SUMMARY OF THE INVENTION
[0009] According to an embodiment of the present invention, a
method for removing a portion of a foreground of an image comprises
determining a portion of a foreground to remove from a reference
image, determining a plurality of source views of a background
obscured in the reference image, determining a correlated portion
in each source view corresponding to the portion of the foreground
to remove, and displaying the correlated portion in the reference
image.
[0010] At least two source views are determined.
[0011] The correlated portion comprises a plurality of correlated
subdivisions. Each correlated subdivision has an independent depth.
The correlated portion is one of a triangle, a circle, a rectangle,
and/or any polygon.
[0012] According to an embodiment of the present invention, a
method for removing a portion of a foreground of an image comprises
determining a plurality of calibrated images comprising a reference
image and a plurality of source images, and determining a set of
three-dimensional coordinates of the portion of the foreground. The
method comprises determining a frustum going through a plane
parallel to a reference image plane defined by the portion of the
foreground, determining a plurality of virtual planes at different
depths within the frustum, and determining a virtual image of the
portion of the foreground in each source view. The method further
comprises determining a homography between the virtual image and
the source image for each source image, determining a correlation
for each virtual image among the plurality of source images, and
superimposing a virtual image having a desirable correlation over
the portion of the foreground.
[0013] The method comprises dividing the virtual image having the
desirable correlation and re-iterating the procedure for each of
these divisions.
[0014] The homography is a projection of the virtual image in the
source image, wherein the virtual image corresponds to a given
depth relative to the reference image.
[0015] Determining the correlation further comprises determining a
depth corresponding to the virtual image that maximizes the
correlation from among a plurality of virtual images having
different depths.
[0016] Determining a frustum comprises one of determining a
perspective based frustum and a paraperspective based frustum.

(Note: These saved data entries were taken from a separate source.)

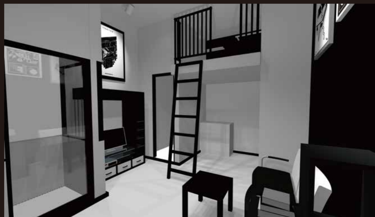
デスク側から見たパース
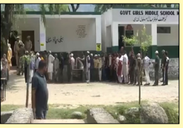
ਚੋਂ 20 ਹਲਕਿਆਂ ਤੇ 2014 ਦੀਆਂ ਵਿਧਾਨ ਸਭਾ ਚੋਣਾਂ ਦੇ ਮੁਕਾਬਲੇ ਮਤਦਾਨ ਥੋੜ੍ਹਾ ਘੱਟ ਰਿਹਾ, ਜਦੋਂ ਕਿ ਕੁੱਲ ਮਤਦਾਨ 60 ਫੀਸਦੀ ਸੀ।

ਜੰਮੂ ਕਸ਼ਮੀਰ ਵਿਚ ਦੂਜੇ ਪੜਾਅ ਦੀਆਂ ਚੋਣਾਂ ਦੌਰਾਨ 56 ਫੀਸਦੀ ਵੋਟਿੰਗ ਹੋਈ ਜੰਮੂ ਕਸ਼ਮੀਰ, ਲੋਕ ਬਾਣੀ-ਜੰਮੂ-ਕਸ਼ਮੀਰ ਵਿਧਾਨ ਸਭਾ ਚੋਣਾਂ ਦੇ ਦੂਜੇ ਪੜਾਅ 'ਚ ਬੁੱਧਵਾਰ ਨੂੰ 26 ਸੀਟਾਂ ਤੇ 56 ਫੀਸਦੀ ਤੋਂ ਵੱਧ ਵੋਟਾਂ ਨੇ ਆਪਣੀ ਵੋਟ ਦਾ ਇਸਤੇਮਾਲ ਕੀਤਾ। ਅਧਿਕਾਰੀਆਂ ਦਾ ਕਹਿਣਾ ਹੈ ਕਿ ਸਖ਼ਤ ਸੁਰੱਖਿਆ ਪ੍ਰਬੰਧਾਂ ਵਿਚਕਾਰ ਵੋਟਿੰਗ ਸ਼ਾਂਤੀਪੂਰਨ ਰਹੀ। ਛੇ ਜ਼ਿਲ੍ਹਿਆਂ ਦੀਆਂ 26 ਸੀਟਾਂ ਵਾਲੇ ਅਹਿਮ ਹਲਕਿਆਂ ਦੇ ਪੋਲਿੰਗ ਸਟੇਸ਼ਨਾਂ ਤੇ ਸਵੇਰ ਤੋਂ ਹੀ ਵੋਟਾਂ ਦੀਆਂ ਲੰਬੀਆਂ ਕਤਾਰਾਂ ਦੇਖਣ ਨੂੰ ਮਿਲੀਆਂ, ਪਰ ਇਨ੍ਹਾਂ
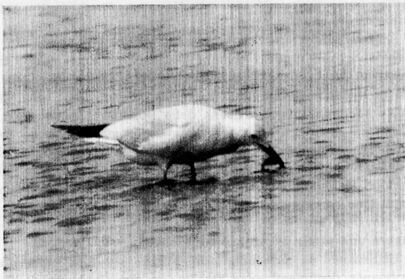
Fig. 2. — Gabbiano roseo nell'atto di catturare una preda.

Ben diverso è il comportamento del Gabbiano roseo. Selezionando la letteratura specializzata a mia disposizione trovo solo poche notizie specifiche sull'argomento. DEMENT'EV ed altri (1951, traduzione in inglese dal russo del 1969) scrivono che le abitudini
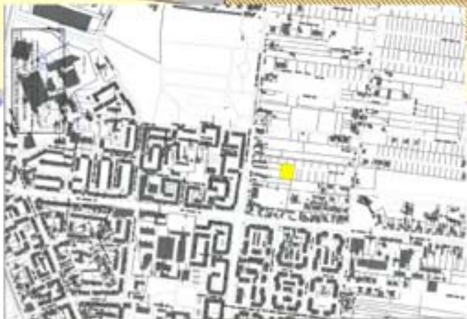
plan incadrare in zona
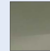
Verde Amanda 190 (M)

[0017] According to an embodiment of the present invention, a
program storage device is provided, readable by machine, tangibly
embodying a program of instructions executable by the machine to
perform method steps for removing a portion of a foreground of an
image. The method comprises determining a portion of a foreground
to remove from a reference image, determining a plurality of source
views of a background obscured in the reference image, determining
a correlated portion in each source view corresponding to the
portion of the foreground to remove, and displaying the correlated
portion in the reference image.
BRIEF DESCRIPTION OF THE DRAWINGS
[0018] Preferred embodiments of the present invention will be
described below in more detail, with reference to the accompanying
drawings:
[0019] FIG. 1 is an illustration of a method according to an
embodiment of the present invention;
[0020] FIG. 2 is a diagram of a system according to an embodiment
of the present invention;
[0021] FIG. 3 is a flowchart of a method according to an embodiment
of the present invention;
[0022] FIG. 4 is an illustration of a method according to an
embodiment of the present invention;
[0023] FIG. 5 is a graph of a correlation between X and y for an
experimental setup according to an embodiment of the present
invention; and
[0024] FIG. 6 is a diagram of views through an image plane and
reference plane according to an embodiment of the present
invention.
DETAILED DESCRIPTION OF PREFERRED EMBODIMENTS
[0025] According to an embodiment of the present invention, a
portion of an image can be replaced. The background, hidden by the
portion of the image being replaced, is approximated by a set of
planar patches of a particular orientation. Alternatively, the
imaging geometry can be modeled by paraperspective projection. In
this way, a simple and efficient method for diminished reality can
be achieved.
[0026] A method according to an embodiment of the present invention
can assume that the world is piecewise planar or use a
paraperspective model of a projection for a camera.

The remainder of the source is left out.